## RECORDS FOR PROCESSING:
▬▬▬▬▬▬

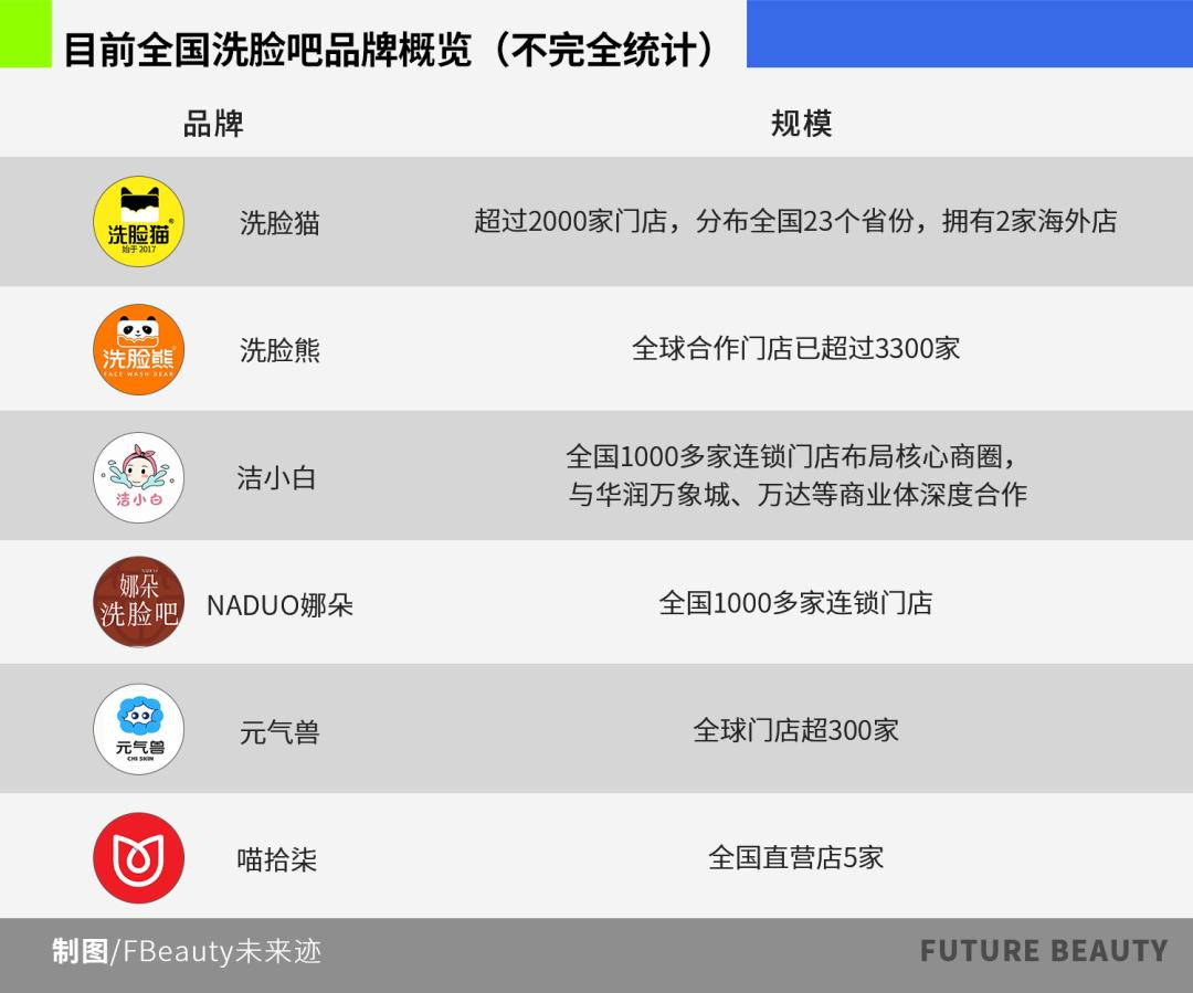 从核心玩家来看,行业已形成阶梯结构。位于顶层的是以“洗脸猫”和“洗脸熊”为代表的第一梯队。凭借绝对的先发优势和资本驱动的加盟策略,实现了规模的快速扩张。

▬▬▬▬▬▬

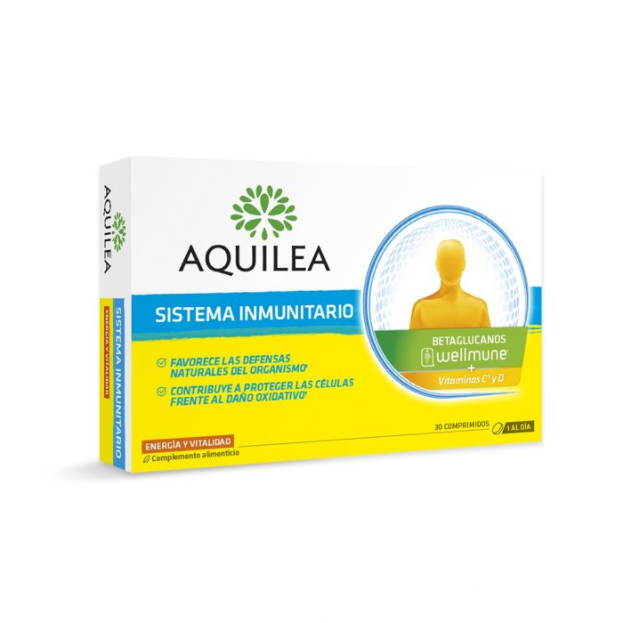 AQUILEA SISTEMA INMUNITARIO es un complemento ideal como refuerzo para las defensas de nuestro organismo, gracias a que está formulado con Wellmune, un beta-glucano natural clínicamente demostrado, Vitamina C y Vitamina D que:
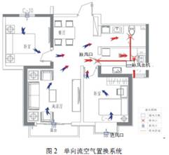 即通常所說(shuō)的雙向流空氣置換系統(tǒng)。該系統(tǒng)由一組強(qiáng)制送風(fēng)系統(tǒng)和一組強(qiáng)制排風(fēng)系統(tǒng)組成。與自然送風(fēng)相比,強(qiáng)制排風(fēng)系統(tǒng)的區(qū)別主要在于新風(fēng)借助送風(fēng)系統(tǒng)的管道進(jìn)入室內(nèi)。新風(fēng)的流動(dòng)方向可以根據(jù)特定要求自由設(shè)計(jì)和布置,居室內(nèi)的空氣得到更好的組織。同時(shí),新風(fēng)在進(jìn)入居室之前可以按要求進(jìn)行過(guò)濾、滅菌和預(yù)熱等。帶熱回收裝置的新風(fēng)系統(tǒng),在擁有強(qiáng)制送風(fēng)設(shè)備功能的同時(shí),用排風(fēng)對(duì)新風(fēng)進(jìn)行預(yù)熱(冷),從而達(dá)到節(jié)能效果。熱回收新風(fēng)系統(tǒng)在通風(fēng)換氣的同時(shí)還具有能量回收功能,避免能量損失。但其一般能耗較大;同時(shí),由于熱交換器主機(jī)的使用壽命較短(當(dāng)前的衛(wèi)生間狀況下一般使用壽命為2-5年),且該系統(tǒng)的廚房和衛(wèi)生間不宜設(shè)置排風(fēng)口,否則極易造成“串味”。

▬▬▬▬▬▬

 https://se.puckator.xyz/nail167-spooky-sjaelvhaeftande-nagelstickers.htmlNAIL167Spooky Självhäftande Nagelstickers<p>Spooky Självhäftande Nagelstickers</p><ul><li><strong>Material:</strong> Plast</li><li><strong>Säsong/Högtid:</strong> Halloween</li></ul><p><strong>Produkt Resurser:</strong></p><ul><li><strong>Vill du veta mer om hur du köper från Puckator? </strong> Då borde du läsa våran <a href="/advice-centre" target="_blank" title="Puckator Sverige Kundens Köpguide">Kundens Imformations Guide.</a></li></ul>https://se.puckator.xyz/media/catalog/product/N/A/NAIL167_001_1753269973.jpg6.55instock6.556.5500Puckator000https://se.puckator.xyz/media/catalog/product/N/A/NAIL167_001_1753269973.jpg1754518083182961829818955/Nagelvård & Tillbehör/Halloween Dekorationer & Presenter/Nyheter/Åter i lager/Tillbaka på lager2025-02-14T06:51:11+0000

▬▬▬▬▬▬

## REQUIREMENT:
In the listing above, find the line containing "AQUILEA SISTEMA INMUNITARIO" and the line containing "即通常所說(shuō)的雙向", then write out both of them and every line between, exactly, with no pictures.

## OUTPUT OF THE EXERCISE:
 AQUILEA SISTEMA INMUNITARIO es un complemento ideal como refuerzo para las defensas de nuestro organismo, gracias a que está formulado con Wellmune, un beta-glucano natural clínicamente demostrado, Vitamina C y Vitamina D que:
 即通常所說(shuō)的雙向流空氣置換系統(tǒng)。該系統(tǒng)由一組強(qiáng)制送風(fēng)系統(tǒng)和一組強(qiáng)制排風(fēng)系統(tǒng)組成。與自然送風(fēng)相比,強(qiáng)制排風(fēng)系統(tǒng)的區(qū)別主要在于新風(fēng)借助送風(fēng)系統(tǒng)的管道進(jìn)入室內(nèi)。新風(fēng)的流動(dòng)方向可以根據(jù)特定要求自由設(shè)計(jì)和布置,居室內(nèi)的空氣得到更好的組織。同時(shí),新風(fēng)在進(jìn)入居室之前可以按要求進(jìn)行過(guò)濾、滅菌和預(yù)熱等。帶熱回收裝置的新風(fēng)系統(tǒng),在擁有強(qiáng)制送風(fēng)設(shè)備功能的同時(shí),用排風(fēng)對(duì)新風(fēng)進(jìn)行預(yù)熱(冷),從而達(dá)到節(jié)能效果。熱回收新風(fēng)系統(tǒng)在通風(fēng)換氣的同時(shí)還具有能量回收功能,避免能量損失。但其一般能耗較大;同時(shí),由于熱交換器主機(jī)的使用壽命較短(當(dāng)前的衛(wèi)生間狀況下一般使用壽命為2-5年),且該系統(tǒng)的廚房和衛(wèi)生間不宜設(shè)置排風(fēng)口,否則極易造成“串味”。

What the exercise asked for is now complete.